Google reports progress on universal speech model
- March 7, 2023
- 0
In November, Google announced that it was launching an initiative that will result in the development of a machine learning model that can recognize and translate the world’s
In November, Google announced that it was launching an initiative that will result in the development of a machine learning model that can recognize and translate the world’s
In November, Google announced that it was launching an initiative that will result in the development of a machine learning model that can recognize and translate the world’s 1,000 most spoken languages. The company has been working on this goal for the past few months and has released a blog post by team members working on the project. The Google team also published an article describing the implementation of the Universal Speech Model (USM) on the pre-render server. arXiv.
The updates provided by Google are part of a larger goal: to create a language translator using automatic speech recognition (ASR) that can translate any language in the world on demand. To this end, they have decided to temporarily limit (to 100) the number of languages they are trying to support, due to the small number of people speaking less lingua franca. Such rare languages lack training datasets.

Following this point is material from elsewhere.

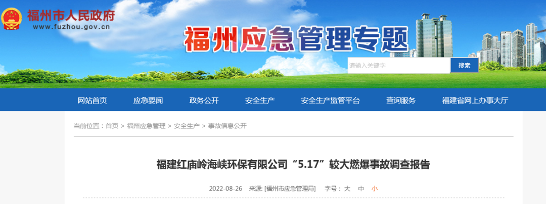 2022年5月17日上午8時54分,福建紅廟嶺海峽環(huán)保有限公司10萬方調節(jié)池上方外包作業(yè)人員違規(guī)用氬弧焊對除臭設施風管漏點進行焊接施工時發(fā)生燃爆,造成3人死亡,3人受傷,5#、6#池頂蓋坍塌,池頂除臭裝置損壞,直接經(jīng)濟損失約1800萬元。事故發(fā)生后,尹力書記、趙龍省長、郭寧寧常務副省長、林文斌副省長等領導第一時間做出重要批示,要求全力搜救失聯(lián)人員,全力搶救受傷人員;嚴格救援現(xiàn)場管控,防止發(fā)生次生災害;查明原因,舉一反三,排查隱患,防范類似事故發(fā)生;做好善后工作。省委常委、市委林寶金書記、省應急廳伍斌廳長、吳賢德市長、省建設廳王明炫副廳長等領導到場指導應急救援。省消防救援總隊高寧宇總隊長、蘇作琴副總隊長率領總隊全勤指揮部到場指揮救援行動。林中麟常務副市長全時指揮市應急局、市消防救援支隊、市城管委、市衛(wèi)健委、市公安局、晉安區(qū)委區(qū)政府及多支民間救援隊進行現(xiàn)場救援。根據(jù)《生產(chǎn)安全事故報告和調查處理條例》(國務院令第493號),經(jīng)市政府授權,市應急管理局牽頭市城管委、市公安局、市總工會、晉安區(qū)政府成立市政府福建紅廟嶺海峽環(huán)保有限公司“5.17”燃爆較大事故調查組(以下簡稱事故調查組),聘請3名專家參與調查,并邀請市紀委監(jiān)委派員參加。事故調查組按照“四不放過”和“科學嚴謹、依法依規(guī)、實事求是、注重實效”的原則,通過現(xiàn)場勘查、技術鑒定、調查取證、專家論證、人員問詢、調閱資料、問題核實和綜合分析,查明了事故發(fā)生的經(jīng)過、原因、應急救援、人員傷亡情況和直接經(jīng)濟損失,認定了事故性質和責任,提出了對相關責任人員及責任單位的處理建議及防范整改措施建議。(一)福建紅廟嶺海峽環(huán)保有限公司。成立于2014年02月21日,注冊資本為500萬人民幣,法定代表人為徐國丹,經(jīng)營狀態(tài)為存續(xù),工商注冊號為350100100368616,注冊地址為福州市晉安區(qū)鼓山鎮(zhèn)洋里路16號綜合樓一樓107室,經(jīng)營范圍包括城市污水處理及其再生利用;垃圾滲瀝液收集及處理、環(huán)境污染治理設施的投資、建設、運營;城市餐廚垃圾處理;環(huán)境污染治理設施運營咨詢服務及技術服務(依法須經(jīng)批準的項目,經(jīng)相關部門批準后方可開展經(jīng)營活動)。為福建海峽環(huán)保集團股份有限公司獨立法人的全資子公司,10萬方新調節(jié)池項目的實際管理單位。(二)福建致辰宇洋環(huán)??萍加邢薰?。成立于2015年3月12日,注冊資本為1000萬人民幣,法定代表人為俞果,經(jīng)營狀態(tài)為存續(xù),工商注冊號為350100100432860,注冊地址為福州市晉安區(qū)新店鎮(zhèn)秀山路245號索高廣場4#樓1層101單元,經(jīng)營范圍包括一般項目:大氣污染治理;水污染治理;生態(tài)環(huán)境監(jiān)測及檢測儀器儀表銷售;大氣污染監(jiān)測及檢測儀器儀表銷售;海洋水質與生態(tài)環(huán)境監(jiān)測儀器設備銷售;環(huán)境保護監(jiān)測;水質污染物監(jiān)測及檢測儀器儀表銷售等(除依法須經(jīng)批準的項目外,憑營業(yè)執(zhí)照依法自主開展經(jīng)營活動)。受福建紅廟嶺海峽環(huán)保有限公司委托對10萬方新調節(jié)池進行除臭設施提升。(三)福建省偉邦市政環(huán)保工程設計研究院有限公司,成立于2006-04-26,注冊資本為300萬人民幣,法定代表人為劉建偉,經(jīng)營狀態(tài)為開業(yè),工商注冊號為350100100173044,注冊地址為福州市鼓樓區(qū)工業(yè)路611號福建高新技術創(chuàng)業(yè)園主樓4層北6房,經(jīng)營范圍包括市政、環(huán)保工程技術咨詢、設計,市政、環(huán)保設備儀器儀表研發(fā)、推廣、銷售,環(huán)保生物廢水處理劑的研發(fā)、推廣、銷售,市政環(huán)保工程承包建設。(依法須經(jīng)批準的項目,經(jīng)相關部門批準后方可開展經(jīng)營活動)。該公司投資入股福建致辰宇洋環(huán)保科技有限公司承攬的10萬方新調節(jié)池的除臭設施提升項目;受福建致辰宇洋環(huán)??萍加邢薰镜姆ㄈ舜碛峁校摴竟こ處熽愡B文負責10萬方新調節(jié)池的除臭設施提升項目具體管理。(四)福州嘉鑫華強金屬制品有限公司。成立于2018-06-15,注冊資本為200萬人民幣,法定代表人為羅維嘉,經(jīng)營狀態(tài)為存續(xù),工商注冊號為350121100236032,注冊地址為福建省福州市閩侯縣祥謙鎮(zhèn)林森大道28號,經(jīng)營范圍包括金屬制品、工藝品、建筑材料、家具的加工;家具、文體用品、日用百貨、五金交電的銷售及通過互聯(lián)網(wǎng)銷售。(依法須經(jīng)批準的項目,經(jīng)相關部門批準后方可開展經(jīng)營活動)。陳連文聯(lián)系該單位為10萬方新調節(jié)池除臭設施提升項目制作配套風管。(五)福州市紅廟嶺垃圾綜合處理中心,該單位為福州市城市管理委員會直屬事業(yè)單位,主要職責為承擔對生活垃圾進行無害化處理和綜合利用工作。設有6個內設機構,其中監(jiān)督一科、監(jiān)督二科、監(jiān)督三科等3個監(jiān)管服務科室負責監(jiān)督檢查園區(qū)內企業(yè)安全生產(chǎn)、環(huán)保等工作。該項目業(yè)主為福州市紅廟嶺垃圾綜合處理中心,市水務集團為代建業(yè)主,新調節(jié)池于2018年12月建成,2020年1月16日市水務集團組織整體

As part of the announcement, Google outlined the first steps towards USM – breaking it down into families of speech models that have been trained on billions of hours of recorded speech and span over 300 languages. They state that their USM is already used for subtitle language translation on YouTube. They also draw a general model for each family.
Google explains that the models are built using training “pipelines” that contain three types of datasets: single voice, single text, and even ASR data. They also state that they are using coherent models to process the expected 2D parameters required for the project and will do so using three main steps: unsupervised pre-training, supervised pre-training at various targets, and supervised ASR training. The end result will be the generation of two types of models, pre-trained and ASR models.
Also, Google claims that in its current state, its USM performs similarly or better than its Whisper model, a general-purpose speech recognition model created by the GitHub community. In addition to using USM for YouTube, Google is expected to combine its model with other AI applications, including augmented reality devices.
Source: Port Altele
As an experienced journalist and author, Mary has been reporting on the latest news and trends for over 5 years. With a passion for uncovering the stories behind the headlines, Mary has earned a reputation as a trusted voice in the world of journalism. Her writing style is insightful, engaging and thought-provoking, as she takes a deep dive into the most pressing issues of our time.